- Film poster
- Directed by: Sun Lijun
- Written by: Sun Lijun Ma Hua
- Produced by: Sun Lijun
- Starring: Duan Zefan; Jiang Kun; Huang Lei; Yu Lan; Sun Jia;
- Production companies: Ai Yi Mei Xun Animation Production Company; Beijing Television; Beijing Film Academy Youth Film Production Unit;
- Release date: June 9, 2006 (China);
- Running time: 80 minutes
- Country: China
- Language: Mandarin
- Budget: 12 million RMB

= Little Soldier Zhang Ga =

Little Soldier Zhang Ga (小兵张嘎 (Xiao Bing Zhang Ga)) is a Chinese animated feature film from mainland China. The film is also referred to as Zhang Ga, The Soldier Boy. It is adapted from the Chinese children's novel of the same name, by Xu Guangyao (徐光耀), which was based on the true story of Yan Xiufeng.

==Plot==
The story is set in Baiyangdian, in Hebei Province, and is based on the backdrop of the Chinese Civil War and the Second Sino-Japanese War with character Zhang Ga in the middle of the chaos along with the Eighth Route Army. The real story is based on the actual person Yan Xiufeng, whose childhood name was Gazi, who was born in Baiyangdian.

==Background==
One film (1963) and one TV series (2004) with the same name precede the animated version, with more mature content featured in both. The animated version was a 12 million RMB investment (about US $1.5 million), and was modified for younger audiences. The film's production lasted six years, and its production crew consisted of about 600 people.

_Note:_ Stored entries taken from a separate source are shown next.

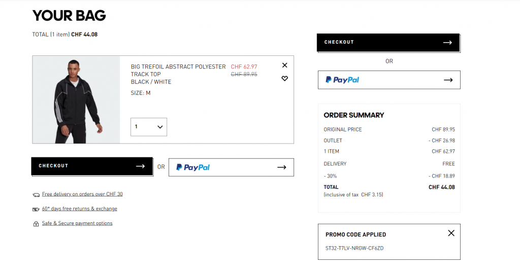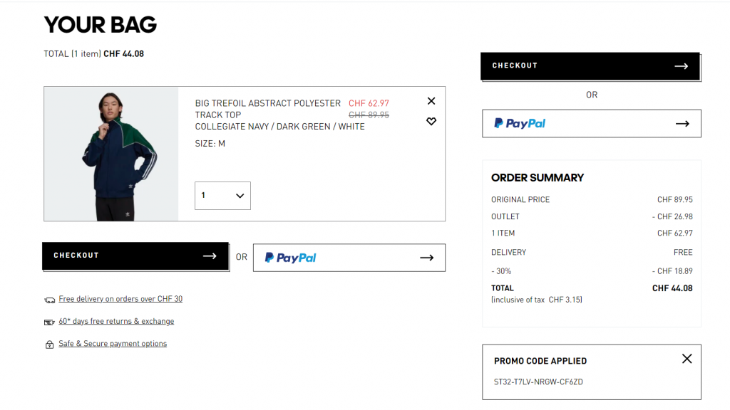 Bei Adidas gibt’s den BIG TREFOIL ABSTRACT POLYESTER TRACK TOP in der Farbe schwarz sowie Navy/Dark Green in allen Grössen für nur CHF 44.08, wen man den personalisierten Preispirat-Gutschein einsetzt. Die Lieferung ist gratis.
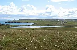 ![]() Loch an t-Siumpain is in the centre of the picture, with the houses of Portvoller beyond | |
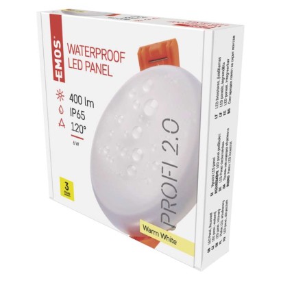 LED panel 75mm, kruhový vstavaný biely, 6W tepl. biela, IP65

Little Soldier Zhang Ga was made in a collaboration between "Ai Yi Mei Xun Animation Production Company", a US-funded Chinese company, in association with Beijing Television and the Youth Film Production Unit at Beijing Film Academy. The students and faculty from the Academy worked together to keep production costs down. It is the first self-produced Beijing animated film created entirely with private investments.

The film's theatrical release was timed to coincide with the 60th anniversary of China's War of Resistance Against Japan.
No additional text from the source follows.